**PROBLEM REQUIREMENTS:** Every line of the material below should be output exactly as written, with the images skipped.

**RAW DATA:**
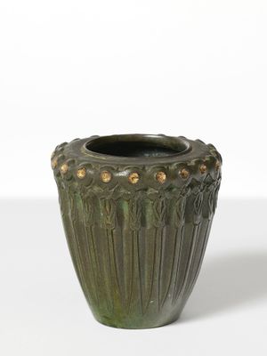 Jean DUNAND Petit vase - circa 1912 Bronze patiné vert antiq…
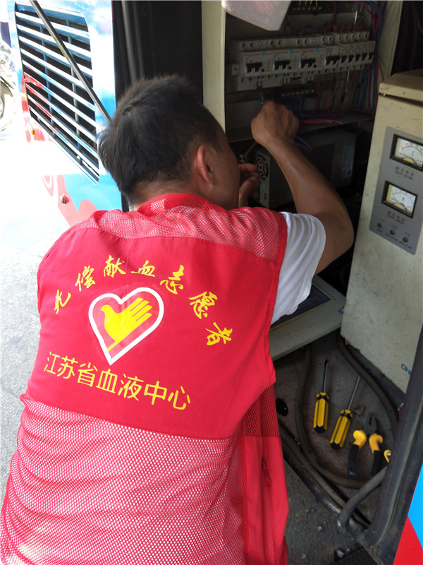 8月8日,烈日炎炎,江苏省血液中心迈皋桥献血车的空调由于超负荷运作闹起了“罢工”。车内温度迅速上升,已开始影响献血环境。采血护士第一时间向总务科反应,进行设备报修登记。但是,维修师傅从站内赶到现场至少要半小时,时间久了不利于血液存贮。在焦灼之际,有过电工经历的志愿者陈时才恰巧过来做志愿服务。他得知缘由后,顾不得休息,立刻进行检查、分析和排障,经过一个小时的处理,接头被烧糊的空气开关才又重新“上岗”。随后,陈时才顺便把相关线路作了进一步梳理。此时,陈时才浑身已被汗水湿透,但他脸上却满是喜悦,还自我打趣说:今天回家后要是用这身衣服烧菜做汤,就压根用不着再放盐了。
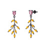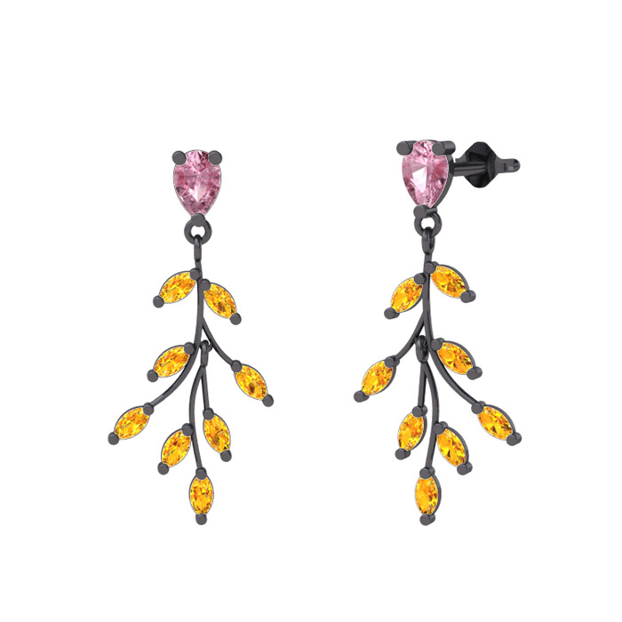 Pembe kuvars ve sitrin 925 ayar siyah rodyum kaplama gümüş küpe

**EXERCISE OUTPUT:**
 Jean DUNAND Petit vase - circa 1912 Bronze patiné vert antiq…
 8月8日,烈日炎炎,江苏省血液中心迈皋桥献血车的空调由于超负荷运作闹起了“罢工”。车内温度迅速上升,已开始影响献血环境。采血护士第一时间向总务科反应,进行设备报修登记。但是,维修师傅从站内赶到现场至少要半小时,时间久了不利于血液存贮。在焦灼之际,有过电工经历的志愿者陈时才恰巧过来做志愿服务。他得知缘由后,顾不得休息,立刻进行检查、分析和排障,经过一个小时的处理,接头被烧糊的空气开关才又重新“上岗”。随后,陈时才顺便把相关线路作了进一步梳理。此时,陈时才浑身已被汗水湿透,但他脸上却满是喜悦,还自我打趣说:今天回家后要是用这身衣服烧菜做汤,就压根用不着再放盐了。
 Pembe kuvars ve sitrin 925 ayar siyah rodyum kaplama gümüş küpe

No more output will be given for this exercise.